> **Exercise description**:
All the data should be transcribed exactly, with every line kept.

> **Dataset items**:
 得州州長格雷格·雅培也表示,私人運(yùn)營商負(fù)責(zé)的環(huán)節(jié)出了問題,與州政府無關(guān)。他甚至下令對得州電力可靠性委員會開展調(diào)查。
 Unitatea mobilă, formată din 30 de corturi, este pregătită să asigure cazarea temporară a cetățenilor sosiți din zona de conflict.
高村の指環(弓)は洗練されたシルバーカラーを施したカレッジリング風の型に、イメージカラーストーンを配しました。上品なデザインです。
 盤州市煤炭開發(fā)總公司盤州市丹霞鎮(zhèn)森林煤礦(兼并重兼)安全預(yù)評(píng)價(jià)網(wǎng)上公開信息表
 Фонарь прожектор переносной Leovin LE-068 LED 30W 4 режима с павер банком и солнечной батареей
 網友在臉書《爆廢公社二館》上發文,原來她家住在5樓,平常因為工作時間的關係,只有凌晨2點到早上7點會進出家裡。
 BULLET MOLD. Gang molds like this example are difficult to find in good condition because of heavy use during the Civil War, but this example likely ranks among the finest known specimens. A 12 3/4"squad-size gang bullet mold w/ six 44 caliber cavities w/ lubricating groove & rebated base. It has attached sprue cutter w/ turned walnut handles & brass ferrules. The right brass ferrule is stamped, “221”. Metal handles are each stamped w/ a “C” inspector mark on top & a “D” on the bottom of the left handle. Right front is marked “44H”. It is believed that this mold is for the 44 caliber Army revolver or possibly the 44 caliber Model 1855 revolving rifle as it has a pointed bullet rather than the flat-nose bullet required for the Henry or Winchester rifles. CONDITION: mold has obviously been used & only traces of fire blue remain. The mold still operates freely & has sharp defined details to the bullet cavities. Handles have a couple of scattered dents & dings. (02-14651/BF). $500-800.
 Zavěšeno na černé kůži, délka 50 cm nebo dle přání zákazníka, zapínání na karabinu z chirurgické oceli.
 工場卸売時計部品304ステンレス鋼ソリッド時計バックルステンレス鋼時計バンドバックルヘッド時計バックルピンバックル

> **Worked solution**:
 得州州長格雷格·雅培也表示,私人運(yùn)營商負(fù)責(zé)的環(huán)節(jié)出了問題,與州政府無關(guān)。他甚至下令對得州電力可靠性委員會開展調(diào)查。
 Unitatea mobilă, formată din 30 de corturi, este pregătită să asigure cazarea temporară a cetățenilor sosiți din zona de conflict.
高村の指環(弓)は洗練されたシルバーカラーを施したカレッジリング風の型に、イメージカラーストーンを配しました。上品なデザインです。
 盤州市煤炭開發(fā)總公司盤州市丹霞鎮(zhèn)森林煤礦(兼并重兼)安全預(yù)評(píng)價(jià)網(wǎng)上公開信息表
 Фонарь прожектор переносной Leovin LE-068 LED 30W 4 режима с павер банком и солнечной батареей
 網友在臉書《爆廢公社二館》上發文,原來她家住在5樓,平常因為工作時間的關係,只有凌晨2點到早上7點會進出家裡。
 BULLET MOLD. Gang molds like this example are difficult to find in good condition because of heavy use during the Civil War, but this example likely ranks among the finest known specimens. A 12 3/4"squad-size gang bullet mold w/ six 44 caliber cavities w/ lubricating groove & rebated base. It has attached sprue cutter w/ turned walnut handles & brass ferrules. The right brass ferrule is stamped, “221”. Metal handles are each stamped w/ a “C” inspector mark on top & a “D” on the bottom of the left handle. Right front is marked “44H”. It is believed that this mold is for the 44 caliber Army revolver or possibly the 44 caliber Model 1855 revolving rifle as it has a pointed bullet rather than the flat-nose bullet required for the Henry or Winchester rifles. CONDITION: mold has obviously been used & only traces of fire blue remain. The mold still operates freely & has sharp defined details to the bullet cavities. Handles have a couple of scattered dents & dings. (02-14651/BF). $500-800.
 Zavěšeno na černé kůži, délka 50 cm nebo dle přání zákazníka, zapínání na karabinu z chirurgické oceli.
 工場卸売時計部品304ステンレス鋼ソリッド時計バックルステンレス鋼時計バンドバックルヘッド時計バックルピンバックル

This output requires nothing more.